Por The New York Times | Max Fisher
Desde hace más de 70 años, el mundo ha consagrado, tanto en leyes nacionales como en tratados globales, una promesa presentada como algo de vital importancia: si alguien no puede vivir con seguridad en su país de origen, puede buscar refugio en otra nación.
Si las personas que se encuentran en esa situación pueden demostrar que enfrentan el tipo adecuado de peligro y cumplen los requisitos establecidos por el país anfitrión para quedarse, ese país está obligado a darles la bienvenida.
Este escenario ideal nunca se ha cumplido a la perfección, incluso en sus orígenes, tras la Segunda Guerra Mundial, cuando reconstruir las sociedades resquebrajadas no solo se consideraba un imperativo moral, sino un deber práctico por el bien común.

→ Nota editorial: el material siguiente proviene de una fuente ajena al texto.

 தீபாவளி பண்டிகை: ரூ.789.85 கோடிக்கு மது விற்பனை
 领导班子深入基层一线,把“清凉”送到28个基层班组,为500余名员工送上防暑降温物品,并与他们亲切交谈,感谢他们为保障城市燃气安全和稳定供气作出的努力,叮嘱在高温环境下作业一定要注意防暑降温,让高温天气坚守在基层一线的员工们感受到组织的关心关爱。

Por desgracia, las mismas potencias de Occidente que defendieron este pacto lo han sometido a una erosión continua en años recientes. Han ido socavando sus propias obligaciones, y en consecuencia las del mundo, derivadas de una responsabilidad que en su momento consideraron crucial para la estabilidad global.
Ese ataque, en opinión de los expertos, alcanzó un nuevo extremo la semana pasada, cuando el gobierno del Reino Unido anunció un nuevo plan aplicable a miles de ciudadanos extranjeros que se encuentran en ese país y han solicitado asilo. En vez de escuchar sus argumentos, planea enviarlos a Ruanda, un país lejano en que prácticamente rige una dictadura y la mayoría nunca ha puesto un pie, para que se conviertan en el problema de alguien más.

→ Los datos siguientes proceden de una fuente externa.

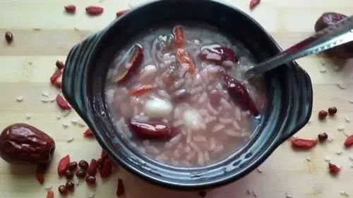中医认为红枣有补血补气的功效,同时在做腊八粥时红枣中含的糖可以为腊八粥改善口感,喝起来甜甜糯懦的。

Tampoco es que el Reino Unido haya inventado la práctica de refundir a los refugiados y solicitantes de asilo en instalaciones lejanas. Los gobiernos europeos les han pagado a déspotas y caudillos extranjeros, en países como Sudán y Libia, para que detengan a inmigrantes durante años por ellos. Australia terceriza este trabajo a una serie de naciones isleñas descritas en ocasiones como su archipiélago gulag. Estados Unidos, de hecho, fue el primero en recurrir a esta práctica en 1991, cuando desvió embarcaciones llenas de haitianos a la bahía de Guantánamo, en Cuba.
Un aumento en las tendencias políticas populistas de derecha, la reacción negativa en Europa al aumento de la inmigración en 2015, además de la pandemia de coronavirus, han acelerado esta práctica y otras similares: muros, patrullas armadas y políticas de “disuasión” que hacen el viaje deliberadamente más peligroso.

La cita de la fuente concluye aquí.